1. There are not currency restrictions in Panama. The U.S. dollar is the circulating medium.
2. It is not necessary to have a paid-in capital.
3. There are no requirements to file any reports with the Panamanian government regarding any off-shore activities, except the annual government franchise tax of US$ 250.00 to remain in good standing.
4. Taxation in the Republic of Panama is based to the territorial source principle. Therefore incomes obtained from operations performed abroad are not taxable under our law.
5. It is not necessary for the interested parties to be present for the purpose of organizing a Corporation.

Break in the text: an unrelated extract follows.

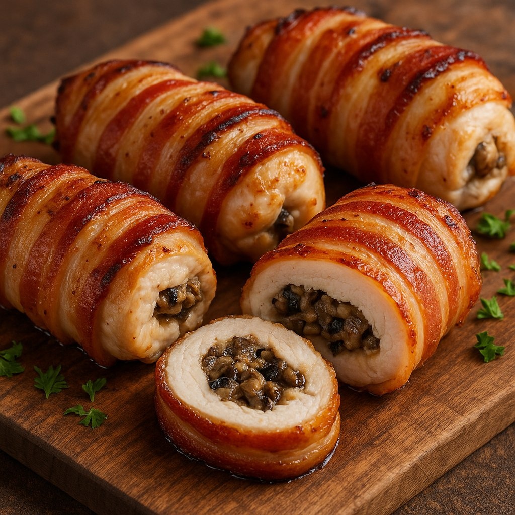 Если вы хотите порадовать своих близких вкусным и эффектным блюдом, куриная грудка с грибами, завернутая в бекон — отличный выбор. Это сочетание нежного мяса, ароматных грибов и хрустящего бекона создаст настоящий кулинарный шедевр на вашем столе. Давайте разберемся, как его приготовить! Ингредиенты: • 2 куриные грудки
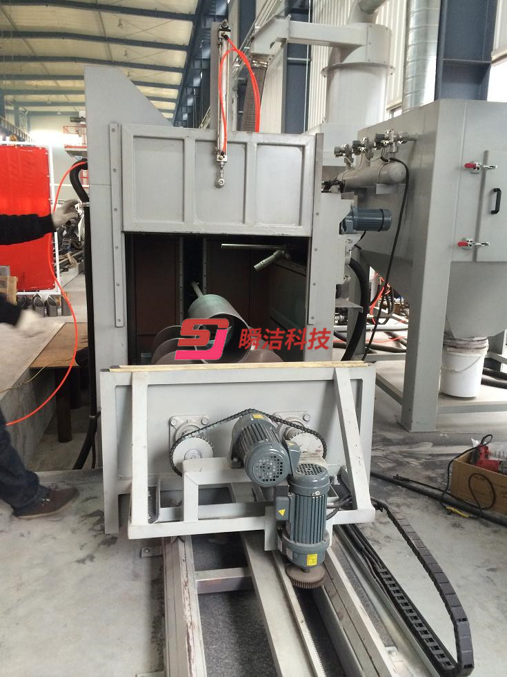 2..鋼管內外壁噴砂清理機適用于大、中、小型鋼管、鋼瓶的表面處理和強化、工件自動旋轉、自動行走 , 工件的運轉速度可根據(jù)工件的要求進行及時調整, 可設計成單管、雙管、3管、4管、變異后可清理大型管件、油罐,化工儲運罐鐵路車輛等.

In this case, corporations are formed through nominee incorporators in Panama, who execute the basic instrument for the incorporation called Articles of Incorporation.
6. The directors, shareholders and officers, may be of any nationality and resident of any country.
7. Meetings of directors and shareholders may be held in the Republic of Panama, or in any country.
8. Share certificates may be issued to the bearer or in the name of its owner and may be issued with or without par value. Neither the directors nor the officers need to be shareholders.
9. The accounting books of the corporation may be kept within Panama or abroad.
10. Corporations conducting business outside of Panama, do not require a commercial license for offshore activities.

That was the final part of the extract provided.